Posting this for my dad.
My name is Gabriel Gressie (1959) and I live in a small rural town in the North of the Netherlands, called Stadskanaal. I’ve been married to my wife Gerda since 1980 and together we have 6 sons.
Ever since I was a small child I knew I wanted to be an artist. I have been painting ever since I can remember. I envision a painting in my head and thus begins the challenge to find the right objects and get them on the panel as realistic as possible. The technique is absolutely paramount to me, although I’m never truly satisfied – to this day I’m still trying to improve my methods.
Making a painting takes quite some time, which is also part of the reason I never got to make a very large project; until December 2014. I received a commission from a wealthy client and collector of antique toys to paint a gigantic work, 2 x 2 meter, and with it a deadline until April 2017. I got the chance to work carelessly on such a project for 2 years which felt like a dream come true. All my life I’ve been waiting for such an opportunity. I spent the next few days on cloud number 9 until practical problems brought me back to Earth. My former ‘studio’ was literally part of our bedroom, I had my easel and my equipment nicely tucked into a corner where I did my work. A panel of such sheer size simply wouldn’t work! We had to convert our guesthouse into my new studio, where my son was living at the time. It was the only place the panel would fit. Soon the initial drawing would commence which would prove to be quite the challenge. I had never worked on such a monumental scale before – a self-made easel to even bear the weight of the panel had to be made. To reach the top of the panel I had to drag the outdoor patio table and place my chair on it. All the while working with brushes containing just a few hairs. There were days I spent 4 hours with my head almost pressed against the ceiling just working on a couple of square cms.
I had received a lot of source material from my client of his private collection to incorporate into the painting, it did take a whole lot of time to get the initial layer of just the drawing done. I enjoyed every second of it, seeing how the piece took shape day after day, idea after idea.
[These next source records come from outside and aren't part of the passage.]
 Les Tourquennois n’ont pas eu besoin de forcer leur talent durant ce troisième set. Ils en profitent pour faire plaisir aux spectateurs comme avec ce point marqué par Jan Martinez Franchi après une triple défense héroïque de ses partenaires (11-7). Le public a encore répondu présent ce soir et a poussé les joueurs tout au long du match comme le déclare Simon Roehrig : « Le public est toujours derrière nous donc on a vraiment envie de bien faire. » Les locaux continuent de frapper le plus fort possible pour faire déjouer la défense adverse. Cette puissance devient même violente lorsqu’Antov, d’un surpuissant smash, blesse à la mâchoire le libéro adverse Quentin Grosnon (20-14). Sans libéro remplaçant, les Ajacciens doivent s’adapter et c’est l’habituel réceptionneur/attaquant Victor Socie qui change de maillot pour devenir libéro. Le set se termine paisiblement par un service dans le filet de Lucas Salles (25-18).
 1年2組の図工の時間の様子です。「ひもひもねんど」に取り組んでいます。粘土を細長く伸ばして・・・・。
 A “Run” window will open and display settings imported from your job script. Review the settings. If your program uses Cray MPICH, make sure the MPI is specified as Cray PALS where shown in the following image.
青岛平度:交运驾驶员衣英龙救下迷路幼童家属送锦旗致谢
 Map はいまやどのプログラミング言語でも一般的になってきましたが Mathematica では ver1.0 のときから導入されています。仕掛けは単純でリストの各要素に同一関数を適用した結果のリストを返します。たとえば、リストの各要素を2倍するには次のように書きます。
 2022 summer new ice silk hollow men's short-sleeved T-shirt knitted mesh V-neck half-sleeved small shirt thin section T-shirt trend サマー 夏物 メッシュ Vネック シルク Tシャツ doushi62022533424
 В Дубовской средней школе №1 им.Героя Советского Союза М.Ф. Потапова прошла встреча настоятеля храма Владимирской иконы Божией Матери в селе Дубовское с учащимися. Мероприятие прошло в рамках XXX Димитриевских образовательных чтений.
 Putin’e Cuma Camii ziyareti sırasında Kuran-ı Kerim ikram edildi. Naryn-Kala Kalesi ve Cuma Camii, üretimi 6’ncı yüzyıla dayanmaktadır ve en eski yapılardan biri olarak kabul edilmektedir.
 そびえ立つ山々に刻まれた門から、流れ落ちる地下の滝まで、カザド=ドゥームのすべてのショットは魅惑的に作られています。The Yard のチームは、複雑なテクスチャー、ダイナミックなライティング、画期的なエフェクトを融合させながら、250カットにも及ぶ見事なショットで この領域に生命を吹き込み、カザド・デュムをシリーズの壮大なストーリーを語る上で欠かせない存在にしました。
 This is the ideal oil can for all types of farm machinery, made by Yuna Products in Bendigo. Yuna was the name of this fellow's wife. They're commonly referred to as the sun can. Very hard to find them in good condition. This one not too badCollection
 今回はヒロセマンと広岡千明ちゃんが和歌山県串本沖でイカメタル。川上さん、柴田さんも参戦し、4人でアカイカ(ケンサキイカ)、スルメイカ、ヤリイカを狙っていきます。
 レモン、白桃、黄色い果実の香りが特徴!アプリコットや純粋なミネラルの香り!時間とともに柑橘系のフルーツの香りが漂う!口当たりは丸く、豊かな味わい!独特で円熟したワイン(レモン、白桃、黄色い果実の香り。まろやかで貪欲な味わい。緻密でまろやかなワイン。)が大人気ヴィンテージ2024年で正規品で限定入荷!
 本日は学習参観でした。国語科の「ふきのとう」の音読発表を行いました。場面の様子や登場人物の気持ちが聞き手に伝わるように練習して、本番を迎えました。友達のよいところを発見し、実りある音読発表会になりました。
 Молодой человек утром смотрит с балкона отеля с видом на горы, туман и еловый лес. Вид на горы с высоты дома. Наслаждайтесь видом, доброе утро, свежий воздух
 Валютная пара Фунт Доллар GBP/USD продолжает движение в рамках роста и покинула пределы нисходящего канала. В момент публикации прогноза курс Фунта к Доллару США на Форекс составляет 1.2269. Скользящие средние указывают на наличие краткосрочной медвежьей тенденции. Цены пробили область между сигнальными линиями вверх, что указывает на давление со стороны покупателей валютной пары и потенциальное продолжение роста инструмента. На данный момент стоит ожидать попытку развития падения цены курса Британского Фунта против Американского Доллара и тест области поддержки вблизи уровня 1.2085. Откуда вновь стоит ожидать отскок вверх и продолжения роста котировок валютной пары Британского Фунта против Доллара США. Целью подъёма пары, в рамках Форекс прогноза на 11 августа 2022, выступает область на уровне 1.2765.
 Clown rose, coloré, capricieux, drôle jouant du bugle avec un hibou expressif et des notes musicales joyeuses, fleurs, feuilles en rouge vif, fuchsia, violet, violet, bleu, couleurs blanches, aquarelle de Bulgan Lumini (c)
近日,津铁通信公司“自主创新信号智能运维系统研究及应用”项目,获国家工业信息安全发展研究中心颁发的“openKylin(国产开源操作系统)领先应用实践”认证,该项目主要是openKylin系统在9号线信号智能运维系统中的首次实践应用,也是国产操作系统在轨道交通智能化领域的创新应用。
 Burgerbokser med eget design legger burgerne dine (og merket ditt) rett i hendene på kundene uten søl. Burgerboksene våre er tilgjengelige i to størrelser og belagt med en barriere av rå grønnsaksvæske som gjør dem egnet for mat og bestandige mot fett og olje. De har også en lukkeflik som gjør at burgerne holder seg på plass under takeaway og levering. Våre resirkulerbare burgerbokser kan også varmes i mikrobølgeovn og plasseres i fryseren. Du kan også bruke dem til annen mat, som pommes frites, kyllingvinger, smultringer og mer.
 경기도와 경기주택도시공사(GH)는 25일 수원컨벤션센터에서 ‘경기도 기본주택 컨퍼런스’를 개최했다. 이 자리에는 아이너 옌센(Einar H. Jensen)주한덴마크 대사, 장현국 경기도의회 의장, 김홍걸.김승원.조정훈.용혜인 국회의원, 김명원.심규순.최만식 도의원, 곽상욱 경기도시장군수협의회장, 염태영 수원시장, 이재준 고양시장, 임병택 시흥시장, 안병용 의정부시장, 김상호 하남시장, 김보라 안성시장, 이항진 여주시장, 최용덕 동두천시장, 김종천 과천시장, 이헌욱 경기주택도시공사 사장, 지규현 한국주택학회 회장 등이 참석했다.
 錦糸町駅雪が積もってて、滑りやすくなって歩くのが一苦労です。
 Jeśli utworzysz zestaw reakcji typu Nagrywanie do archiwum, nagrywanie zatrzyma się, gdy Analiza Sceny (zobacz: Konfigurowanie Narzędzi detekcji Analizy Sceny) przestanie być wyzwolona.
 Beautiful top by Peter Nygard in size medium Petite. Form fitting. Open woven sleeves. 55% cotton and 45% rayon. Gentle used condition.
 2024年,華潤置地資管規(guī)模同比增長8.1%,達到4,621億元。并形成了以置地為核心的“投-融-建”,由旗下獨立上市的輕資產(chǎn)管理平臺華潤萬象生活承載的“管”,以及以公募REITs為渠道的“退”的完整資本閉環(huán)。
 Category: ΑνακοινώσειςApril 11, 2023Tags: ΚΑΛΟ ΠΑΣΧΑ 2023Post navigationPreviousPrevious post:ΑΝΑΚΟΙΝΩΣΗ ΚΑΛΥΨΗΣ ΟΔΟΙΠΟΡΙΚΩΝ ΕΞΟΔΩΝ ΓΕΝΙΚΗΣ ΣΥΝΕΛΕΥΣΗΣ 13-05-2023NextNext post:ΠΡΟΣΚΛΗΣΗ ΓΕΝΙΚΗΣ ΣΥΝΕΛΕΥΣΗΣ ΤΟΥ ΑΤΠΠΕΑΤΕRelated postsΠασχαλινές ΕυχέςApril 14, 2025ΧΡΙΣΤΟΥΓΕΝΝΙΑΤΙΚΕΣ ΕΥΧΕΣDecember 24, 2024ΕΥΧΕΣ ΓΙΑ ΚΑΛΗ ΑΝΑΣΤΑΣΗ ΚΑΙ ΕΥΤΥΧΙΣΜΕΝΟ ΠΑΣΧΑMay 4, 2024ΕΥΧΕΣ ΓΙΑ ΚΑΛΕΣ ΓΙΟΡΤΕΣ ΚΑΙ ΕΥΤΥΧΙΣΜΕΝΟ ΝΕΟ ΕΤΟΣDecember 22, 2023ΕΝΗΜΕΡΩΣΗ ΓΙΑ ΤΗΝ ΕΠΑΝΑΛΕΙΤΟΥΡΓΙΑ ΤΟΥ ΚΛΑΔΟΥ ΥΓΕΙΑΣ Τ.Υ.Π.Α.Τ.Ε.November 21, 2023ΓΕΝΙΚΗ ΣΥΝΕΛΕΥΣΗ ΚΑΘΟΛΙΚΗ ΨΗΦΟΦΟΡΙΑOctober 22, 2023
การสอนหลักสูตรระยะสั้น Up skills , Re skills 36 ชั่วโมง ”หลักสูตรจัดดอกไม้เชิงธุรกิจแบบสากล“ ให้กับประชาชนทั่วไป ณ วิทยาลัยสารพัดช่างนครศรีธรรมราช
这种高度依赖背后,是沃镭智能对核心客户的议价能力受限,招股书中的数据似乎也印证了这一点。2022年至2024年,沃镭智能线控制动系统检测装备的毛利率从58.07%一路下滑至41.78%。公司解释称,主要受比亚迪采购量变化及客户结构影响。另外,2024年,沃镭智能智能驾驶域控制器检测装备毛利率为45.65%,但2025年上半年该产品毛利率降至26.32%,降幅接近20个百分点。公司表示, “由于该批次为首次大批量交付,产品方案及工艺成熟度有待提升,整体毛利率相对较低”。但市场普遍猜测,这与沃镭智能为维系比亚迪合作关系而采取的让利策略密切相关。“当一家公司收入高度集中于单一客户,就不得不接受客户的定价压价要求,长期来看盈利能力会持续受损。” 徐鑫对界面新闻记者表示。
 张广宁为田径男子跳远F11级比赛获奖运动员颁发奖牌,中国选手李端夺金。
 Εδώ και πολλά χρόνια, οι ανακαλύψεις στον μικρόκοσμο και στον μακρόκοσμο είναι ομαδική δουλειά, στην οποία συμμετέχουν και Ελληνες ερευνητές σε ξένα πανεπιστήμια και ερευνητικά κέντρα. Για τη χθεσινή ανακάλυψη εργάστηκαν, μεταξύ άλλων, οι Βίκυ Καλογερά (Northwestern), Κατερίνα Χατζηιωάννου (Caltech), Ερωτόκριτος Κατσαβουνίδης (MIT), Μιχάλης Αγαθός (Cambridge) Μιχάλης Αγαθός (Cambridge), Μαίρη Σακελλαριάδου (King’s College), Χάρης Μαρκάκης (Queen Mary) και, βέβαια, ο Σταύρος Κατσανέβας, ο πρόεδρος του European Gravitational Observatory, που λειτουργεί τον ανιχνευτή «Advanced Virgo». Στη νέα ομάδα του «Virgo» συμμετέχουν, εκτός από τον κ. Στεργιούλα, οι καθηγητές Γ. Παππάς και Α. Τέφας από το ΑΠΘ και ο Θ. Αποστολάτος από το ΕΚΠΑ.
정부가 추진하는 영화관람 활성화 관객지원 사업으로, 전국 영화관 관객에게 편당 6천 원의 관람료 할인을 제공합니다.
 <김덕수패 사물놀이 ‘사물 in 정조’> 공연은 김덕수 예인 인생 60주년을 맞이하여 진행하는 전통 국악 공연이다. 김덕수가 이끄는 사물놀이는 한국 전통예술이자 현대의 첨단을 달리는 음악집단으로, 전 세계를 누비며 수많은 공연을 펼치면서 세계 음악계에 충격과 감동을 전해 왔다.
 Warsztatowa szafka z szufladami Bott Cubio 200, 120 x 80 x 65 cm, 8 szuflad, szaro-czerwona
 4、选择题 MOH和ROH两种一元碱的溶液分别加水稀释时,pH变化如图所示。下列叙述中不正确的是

Truly a magical time for me.
Until July 19th, 2015. Around midnight I started feeling very uncomfortable with a tight knot in my chest. I actually drove myself to the hospital because driving relaxes me but once there they told me my blood pressure was through the roof and I was slowly suffocating in the accumulation of fluid in my lungs. I have had hypertension for quite awhile before it but it had reached critical level. After a night in IC, induced in artificial sleep, the investigations began. Heart failure was immediately found. This took me over a month to feel even slightly better and optimistic to resume work.
Medicine did their work and I needed to relax again with a minuscule brush in my hand. Back to the studio again it was, I had time and courage to start the coloring phase. This is the most exciting phase of course. The whole painting starts to come alive, just as I felt after the hospital. It rejuvenates, it invigorates! Again the troubles reaching every bit of the panel. Sometimes standing up on the garden patio, sometimes sitting on a chair on it, sometimes removing the table and standing up, sometimes on my knees.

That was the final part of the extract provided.